_WHAT THE EXERCISE ASKS_
The whole listing, please: repeat it exactly, with the pictures left out.

○ ○ ○ ○

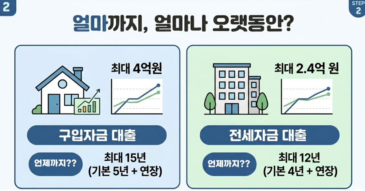 소득 기준이 완화되어 대기업 맞벌이 부부도 충분히 혜택을 볼 수 있습니다. 대출 한도 역시 구입자금 최대 5억 원, 전세자금 최대 3억 원으로 실질적인 주택 구매력을 보장해 줍니다.
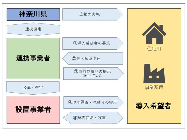 神奈川県では、太陽光発電の導入拡大を図るため、平成31(令和元)年度から、民間事業者と連携して「太陽光発電の共同購入事業」を実施しています。この度、住宅用及び事業所用事業において、令和6年度から8年度まで連携する新たな民間事業者(以下「連携事業者」という。)を決定し、協定を締結しました。
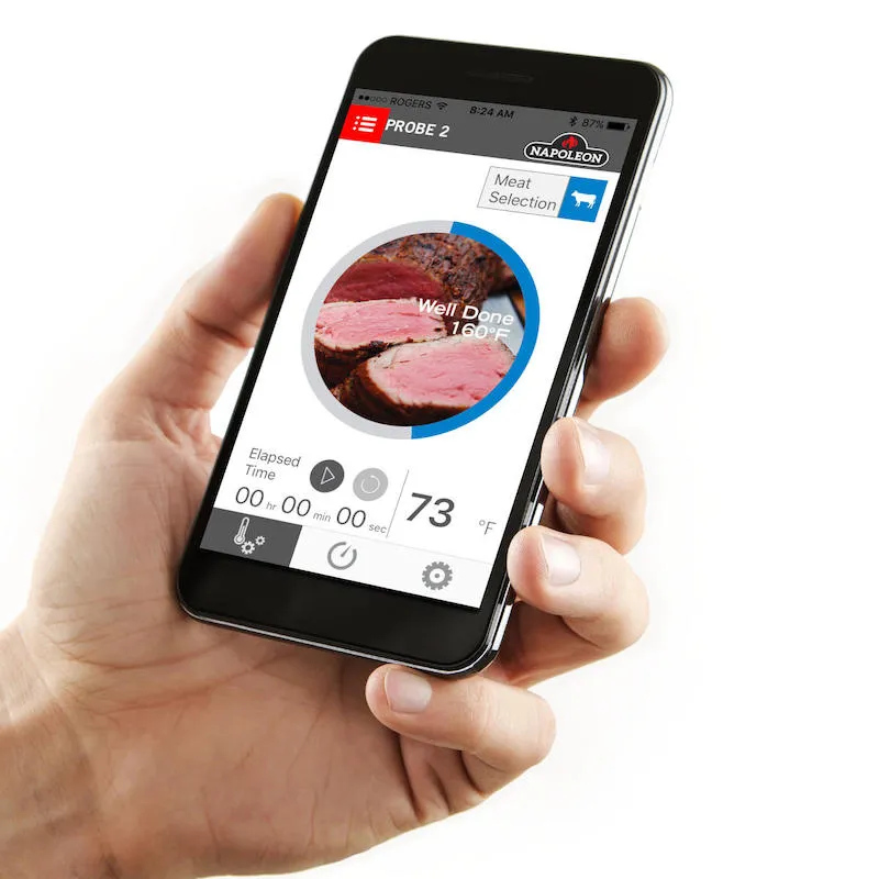 Канадская компания «Napoleon», производитель угольных и газовых грилей, создала кулинарный термометр с блютуз, который позволит вам контролировать внутреннюю температуру блюда на протяжении всего процесса приготовления. Благодаря щупам из нержавеющей стали. Блютуз термометр для мяса способен контролировать до 4 точек блюда (в комплекте производитель предоставляет 2 щупа) и способен работать в диапазоне температур от -20 до +300 C. Кроме того, оснащен магнитным держателем для установки прибора на гриль-станцию. Используя щуп, вам совсем не обязательно находиться возле гриля. Умная машина предупредит вас о степени готовности блюда, отправив сообщение на смартфон.
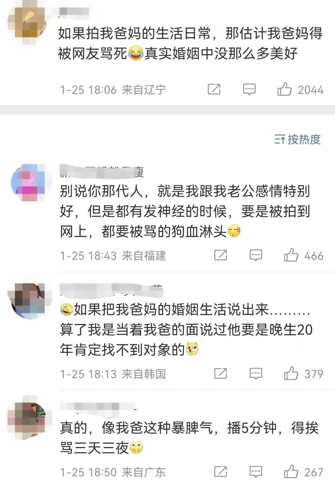 另外还有网友拿自己爸妈举例,觉得如果他们的日常生活拿到综艺上来看,肯定要被骂得狗血淋头。
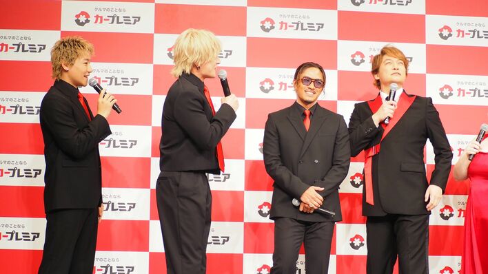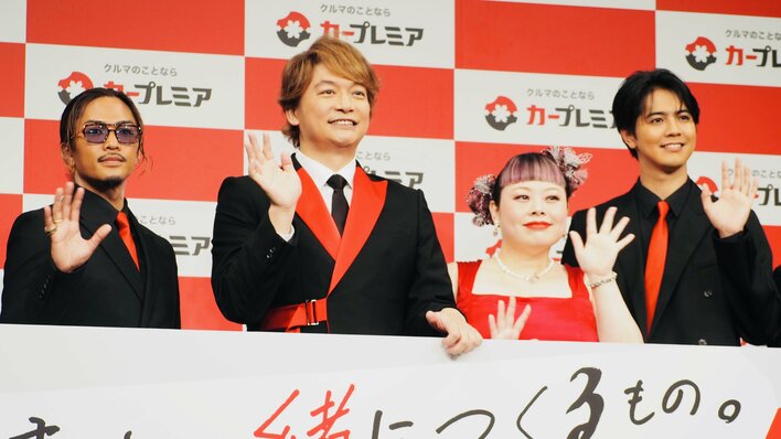 「カープレミア」の新CM発表会が5月21日に都内で開催され、香取慎吾さんとGENERATIONS from EXILE TRIBE、そして、新たにCMキャラクターに加わった渡辺直美さんが登場しました。
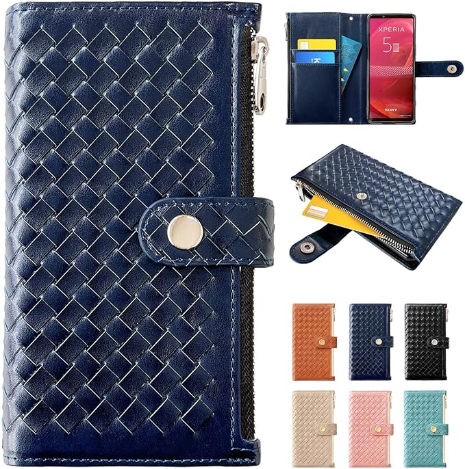 Xperia 5 Ⅴ SO-53D ケース 手帳型 SOG12 カバー XQ-DE44 手帳型ケース SO-53Dケース SO-53Dカバー SO-53D手帳型ケース スマホケース SOG12ケース SOG12カバー SOG12手帳型ケース エクスペリア おしゃれ 編み込み スマホケース 携帯ケース ネイビー
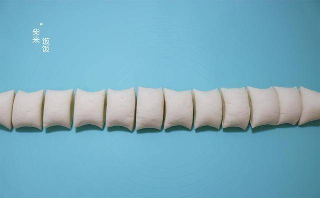 6,面團發好瞭,移到揉面墊上,揉搓排氣。然後搓成長條,再分成12個小劑子。
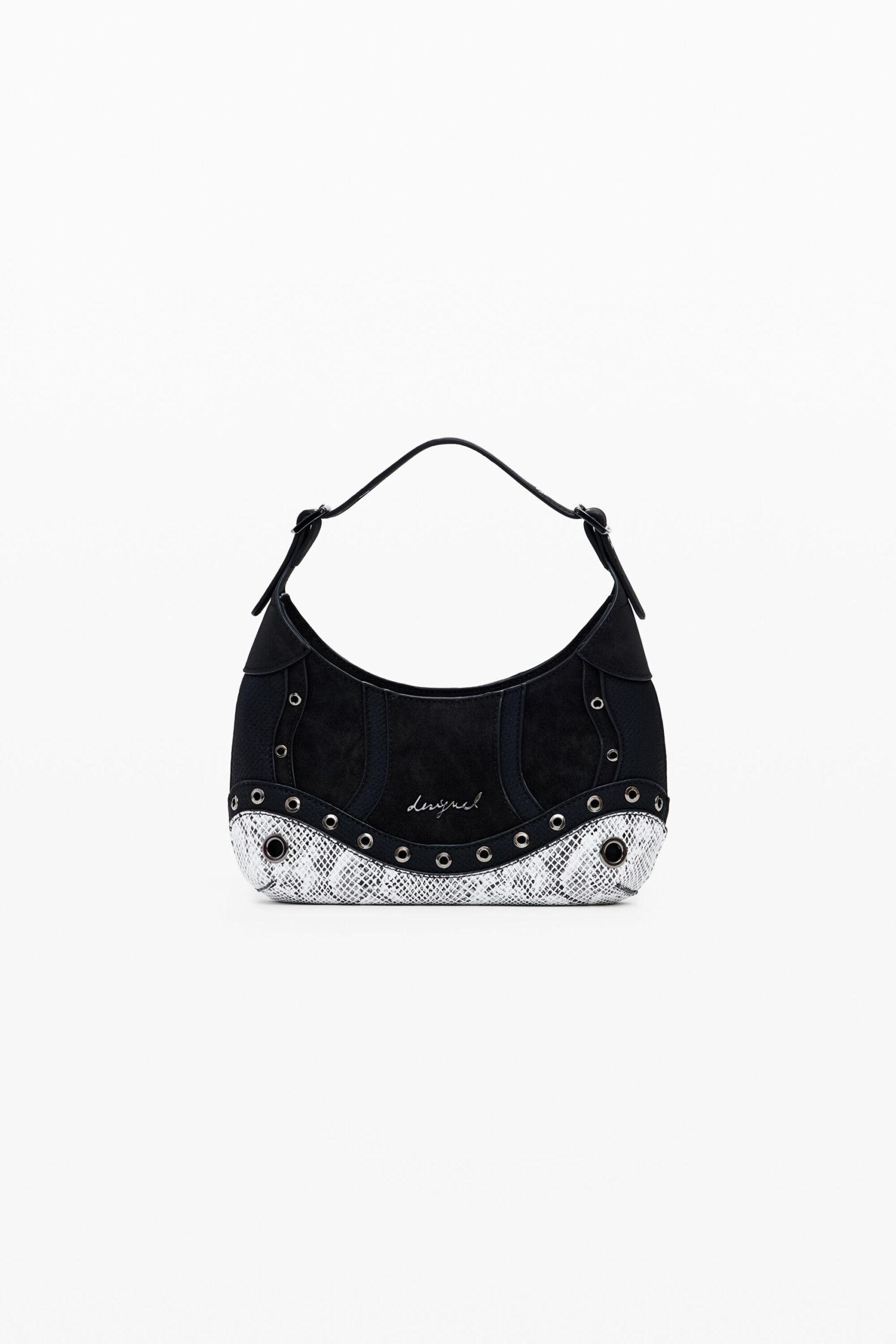 Kleine schoudertas met een combinatie van stoffen, slangeffect, metalen studs, verwisselbare handvatten en ritssluiting.
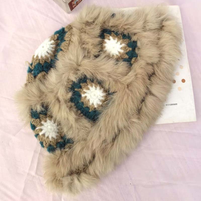 토끼 모피 각성 사자 모자 여성의 가을과 겨울 귀여운 따뜻한 봉제 어부 모자 작은 양동이 모피 분지 모자를 보여주는 모든 경기 얼굴스토어 가기
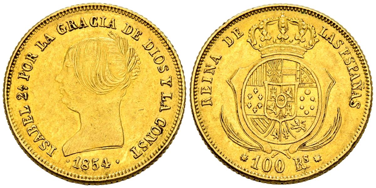 ELIZABETH II (1833-1868). 100 Reales. (Au. 8.35g/22mm). 1854. Barcelona. (Cal-2019-762). Very Fine.
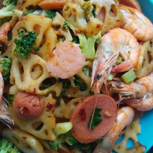 先放莲藕,西兰花,QQ肠翻炒,后放大虾,金针菇,香菜,翻炒大概四五分钟左右,调料均衡,就可出锅。
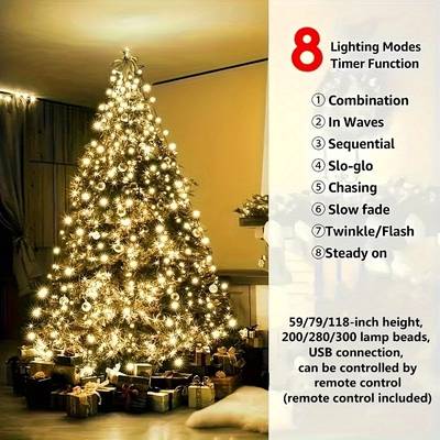 LED Christmas Lights Set with 8 Modes Bright, Festive & Easy USB Lighting
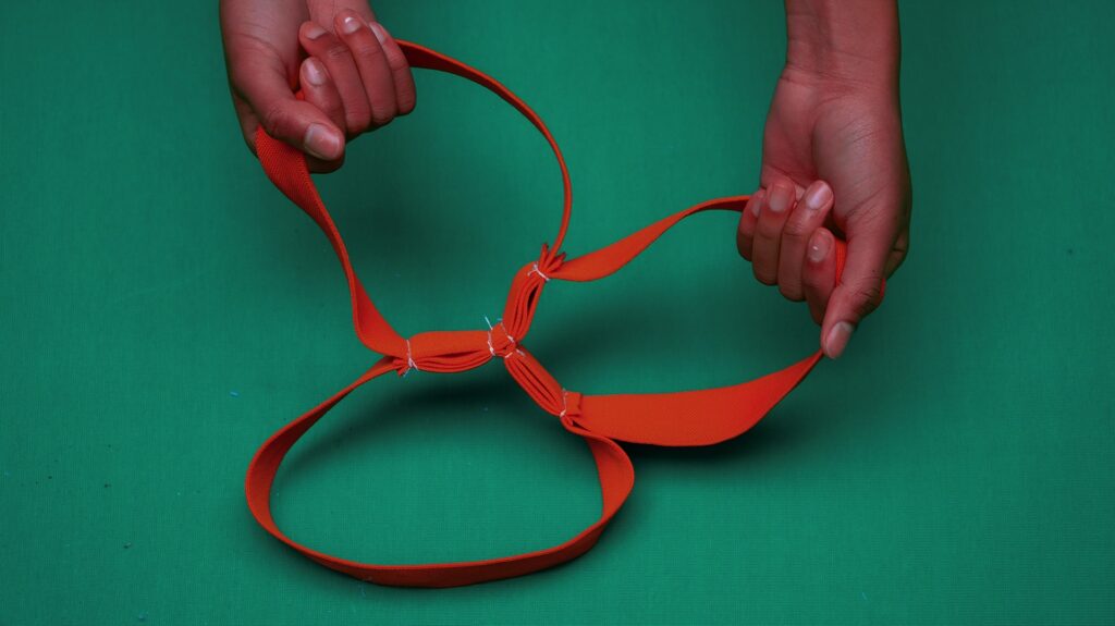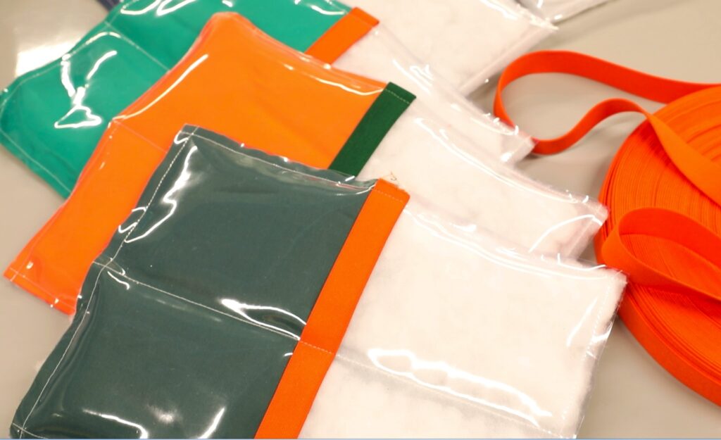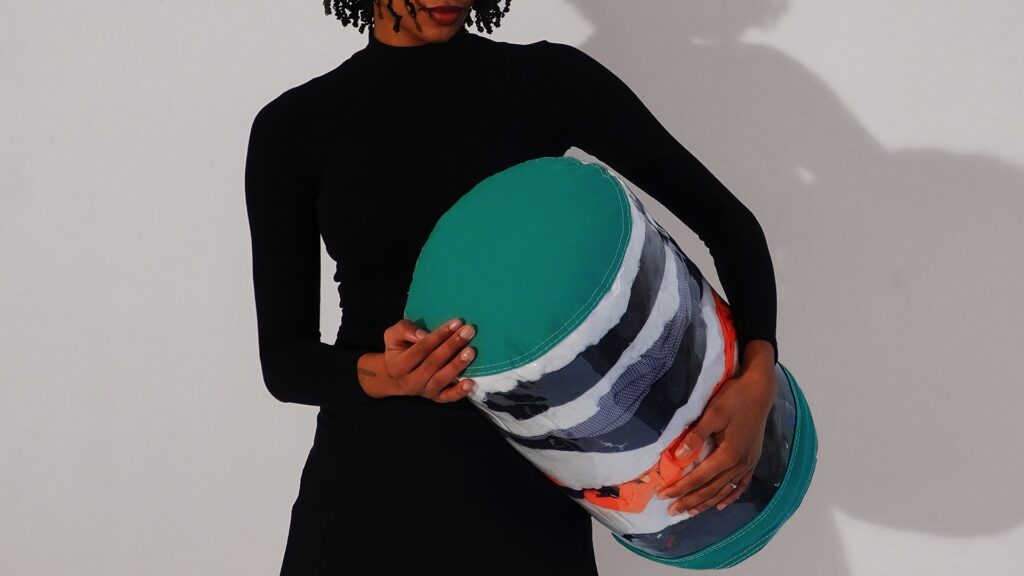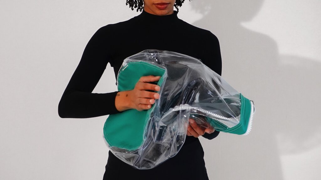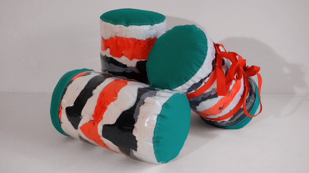 L'enveloppe transparente est fabriquée avec les chutes de production et le savoir-faire de BUBBLE TREE, un fabricant d'habitats gonflables situé dans la région Hauts-de-France. Le rembourrage provient des gisements variables de textile recyclés ou à recycler de chez DAGOBAIRE, une entreprise qui recycle les déchets textiles sur le territoire. Les sangles élastiques, la mercerie et les tissus colorés sont quant à eux sourcés dans des stocks dormants, par le biais de la matériauthèque du FASHION GREEN HUB ; une association d’entreprises engagées pour une transition durable et rapide des filières de mode et de textile.

○ ○ ○ ○

_RESPONSE TO THE TASK_
 소득 기준이 완화되어 대기업 맞벌이 부부도 충분히 혜택을 볼 수 있습니다. 대출 한도 역시 구입자금 최대 5억 원, 전세자금 최대 3억 원으로 실질적인 주택 구매력을 보장해 줍니다.
 神奈川県では、太陽光発電の導入拡大を図るため、平成31(令和元)年度から、民間事業者と連携して「太陽光発電の共同購入事業」を実施しています。この度、住宅用及び事業所用事業において、令和6年度から8年度まで連携する新たな民間事業者(以下「連携事業者」という。)を決定し、協定を締結しました。
 Канадская компания «Napoleon», производитель угольных и газовых грилей, создала кулинарный термометр с блютуз, который позволит вам контролировать внутреннюю температуру блюда на протяжении всего процесса приготовления. Благодаря щупам из нержавеющей стали. Блютуз термометр для мяса способен контролировать до 4 точек блюда (в комплекте производитель предоставляет 2 щупа) и способен работать в диапазоне температур от -20 до +300 C. Кроме того, оснащен магнитным держателем для установки прибора на гриль-станцию. Используя щуп, вам совсем не обязательно находиться возле гриля. Умная машина предупредит вас о степени готовности блюда, отправив сообщение на смартфон.
 另外还有网友拿自己爸妈举例,觉得如果他们的日常生活拿到综艺上来看,肯定要被骂得狗血淋头。
 「カープレミア」の新CM発表会が5月21日に都内で開催され、香取慎吾さんとGENERATIONS from EXILE TRIBE、そして、新たにCMキャラクターに加わった渡辺直美さんが登場しました。
 Xperia 5 Ⅴ SO-53D ケース 手帳型 SOG12 カバー XQ-DE44 手帳型ケース SO-53Dケース SO-53Dカバー SO-53D手帳型ケース スマホケース SOG12ケース SOG12カバー SOG12手帳型ケース エクスペリア おしゃれ 編み込み スマホケース 携帯ケース ネイビー
 6,面團發好瞭,移到揉面墊上,揉搓排氣。然後搓成長條,再分成12個小劑子。
 Kleine schoudertas met een combinatie van stoffen, slangeffect, metalen studs, verwisselbare handvatten en ritssluiting.
 토끼 모피 각성 사자 모자 여성의 가을과 겨울 귀여운 따뜻한 봉제 어부 모자 작은 양동이 모피 분지 모자를 보여주는 모든 경기 얼굴스토어 가기
 ELIZABETH II (1833-1868). 100 Reales. (Au. 8.35g/22mm). 1854. Barcelona. (Cal-2019-762). Very Fine.
 先放莲藕,西兰花,QQ肠翻炒,后放大虾,金针菇,香菜,翻炒大概四五分钟左右,调料均衡,就可出锅。
 LED Christmas Lights Set with 8 Modes Bright, Festive & Easy USB Lighting
 L'enveloppe transparente est fabriquée avec les chutes de production et le savoir-faire de BUBBLE TREE, un fabricant d'habitats gonflables situé dans la région Hauts-de-France. Le rembourrage provient des gisements variables de textile recyclés ou à recycler de chez DAGOBAIRE, une entreprise qui recycle les déchets textiles sur le territoire. Les sangles élastiques, la mercerie et les tissus colorés sont quant à eux sourcés dans des stocks dormants, par le biais de la matériauthèque du FASHION GREEN HUB ; une association d’entreprises engagées pour une transition durable et rapide des filières de mode et de textile.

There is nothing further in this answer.